■ SUPPLIED DATA:
● ● ● ● ● ● ●
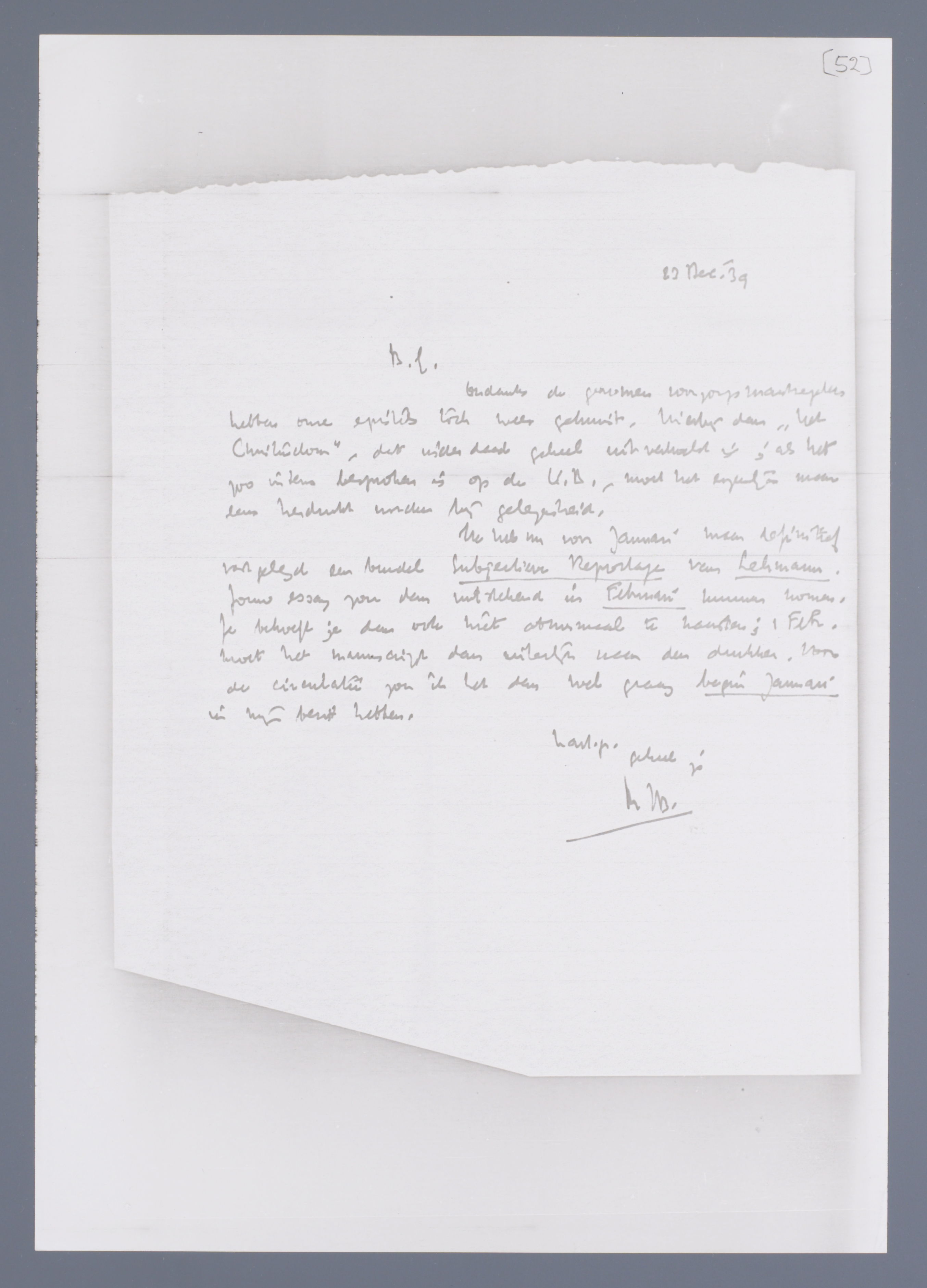 Ik heb nu voor Januari maar definitief vastgelegd een bundel Subjectieve Reportage van Lehmann. Jouw essay zou dan uitstekend in Februari kunnen komen. Je behoeft je dan ook niet abnormaal te haasten; 1 Febr. moet het manuscript dan uiterlijk naar den drukker. Voor de circulatie zou ik het dan wel graag begin Januari in mijn bezit hebben.
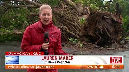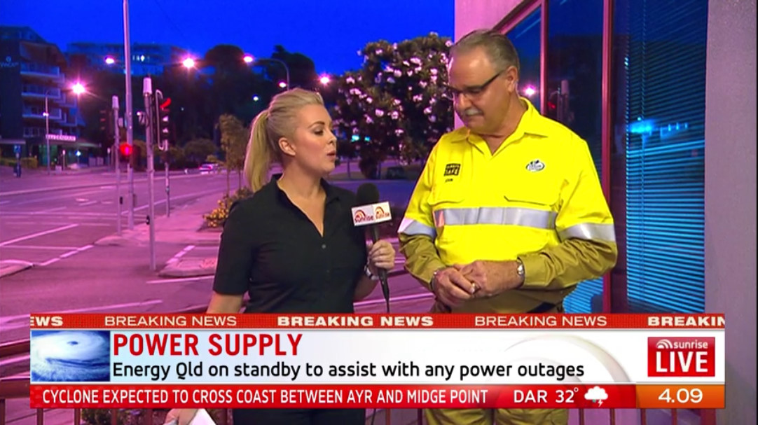 Sunrise has Sam in Townsville, Kochie and Edwina in Bowen and Sam Mac in Airlie Beach. Coastal reporter Paul Burt, Katrina Blowers and Chris Reason are in Bowen, Bianca Stone is in Mackay, Leisa Goddard is at Emergency HQ in Brisbane and Tony Auden is doing crosses from the Brisbane news studio.
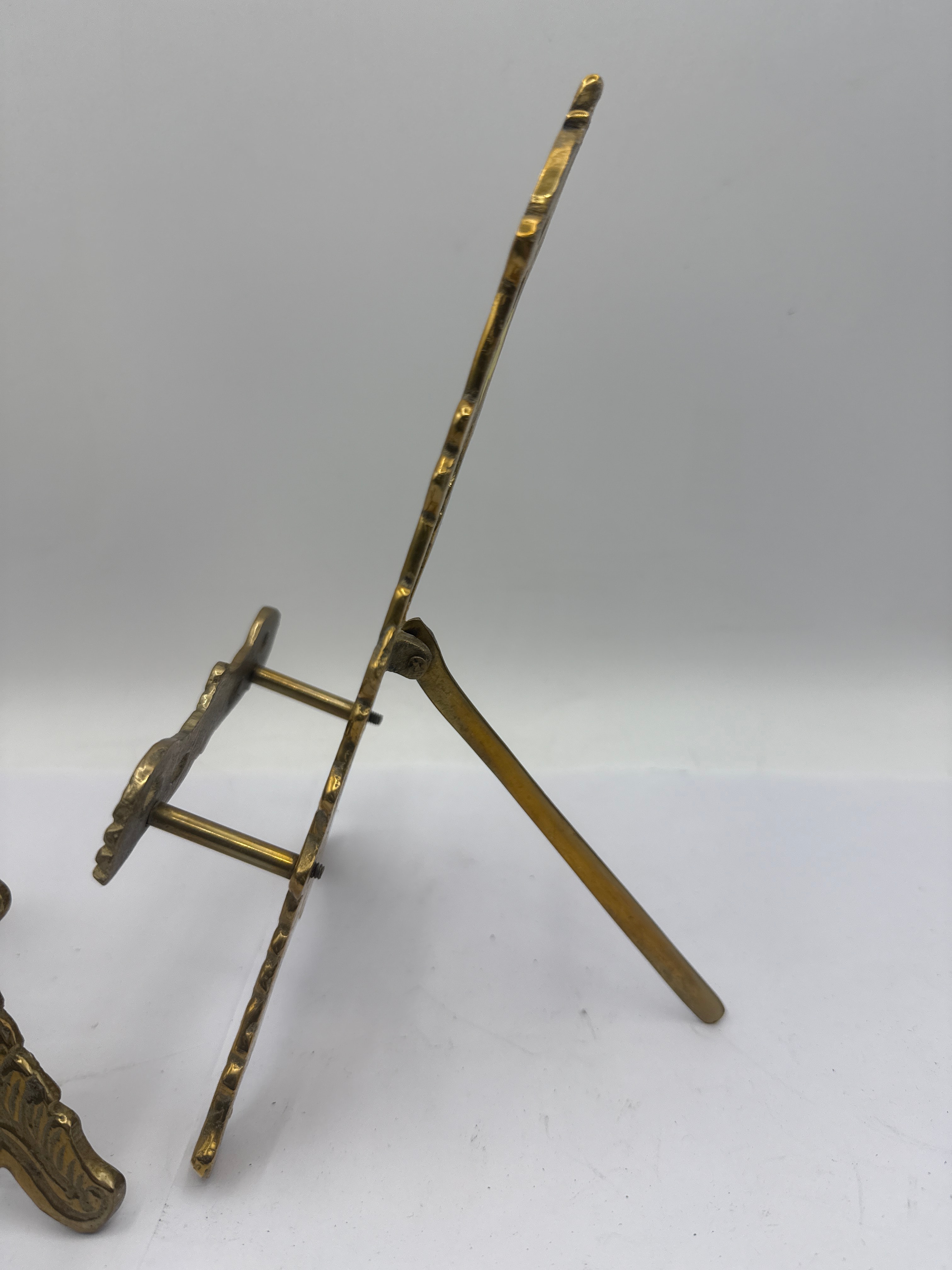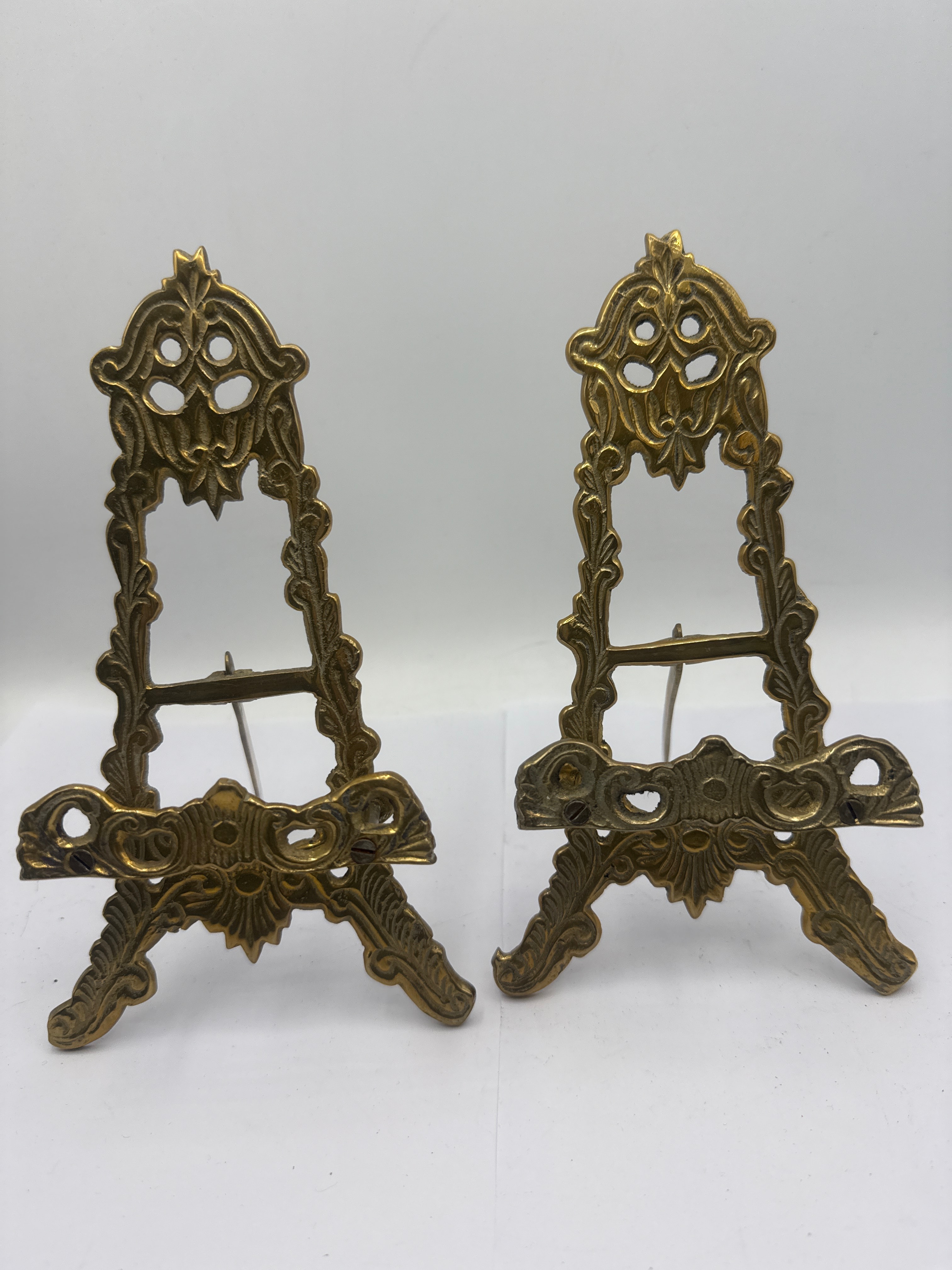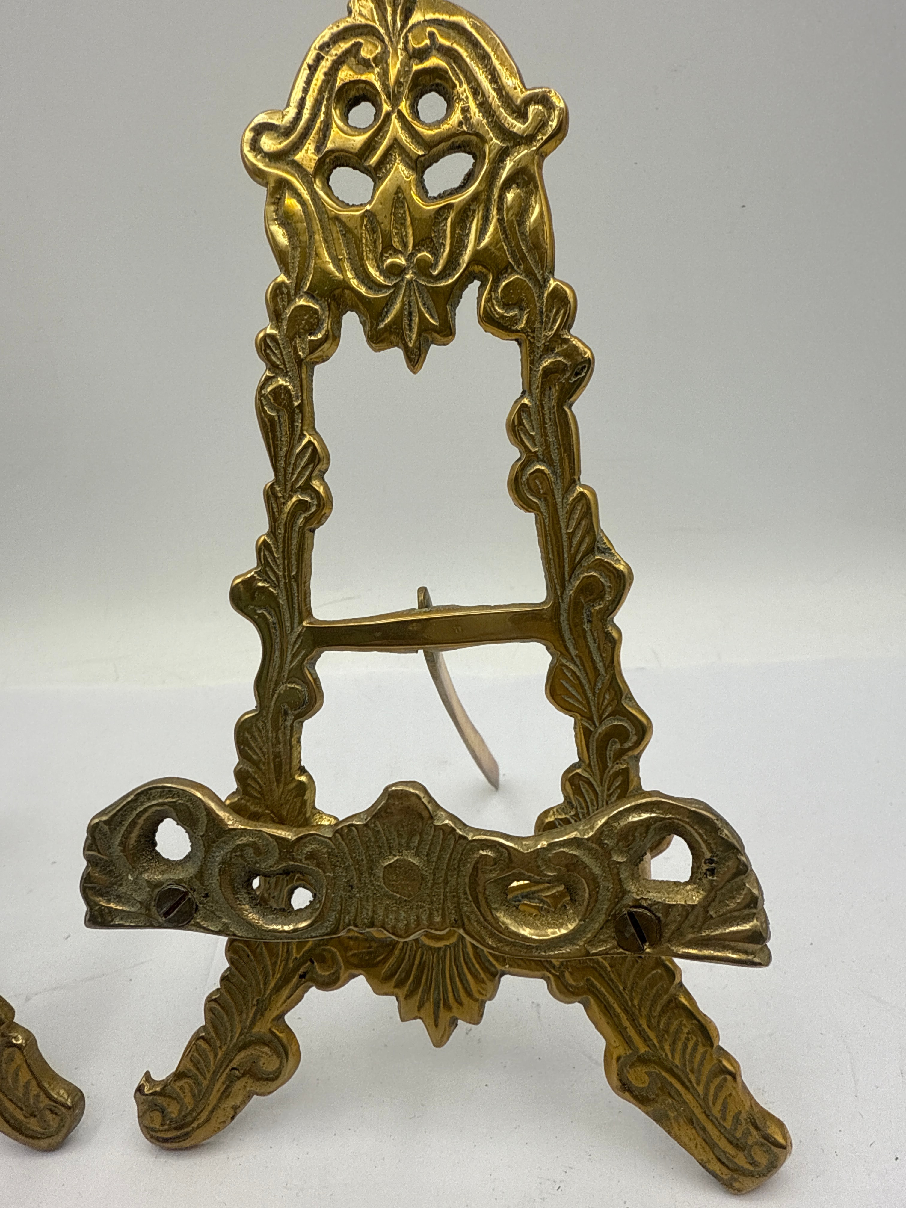 A pair of vintage ornate brass table top display easels. Each easel is crafted from cast brass or brass-toned metal, featuring an ornate, openwork design with scrolling foliage, acanthus leaves, and rocaille-like motifs, consistent with Rococo or Victorian Revival styles. They are designed with a hinged back support leg and two small horizontal arms on the front to hold an item. No visible text or manufacturer’s markings are discernible.
● ● ● ● ● ● ●
■ WHAT NEEDS TO BE DONE: Write the lines from the line containing "Sunrise has Sam" through the last line of the data out again exactly, and only those lines; pictures stay out.

■ OUTPUT:
 Sunrise has Sam in Townsville, Kochie and Edwina in Bowen and Sam Mac in Airlie Beach. Coastal reporter Paul Burt, Katrina Blowers and Chris Reason are in Bowen, Bianca Stone is in Mackay, Leisa Goddard is at Emergency HQ in Brisbane and Tony Auden is doing crosses from the Brisbane news studio.
 A pair of vintage ornate brass table top display easels. Each easel is crafted from cast brass or brass-toned metal, featuring an ornate, openwork design with scrolling foliage, acanthus leaves, and rocaille-like motifs, consistent with Rococo or Victorian Revival styles. They are designed with a hinged back support leg and two small horizontal arms on the front to hold an item. No visible text or manufacturer’s markings are discernible.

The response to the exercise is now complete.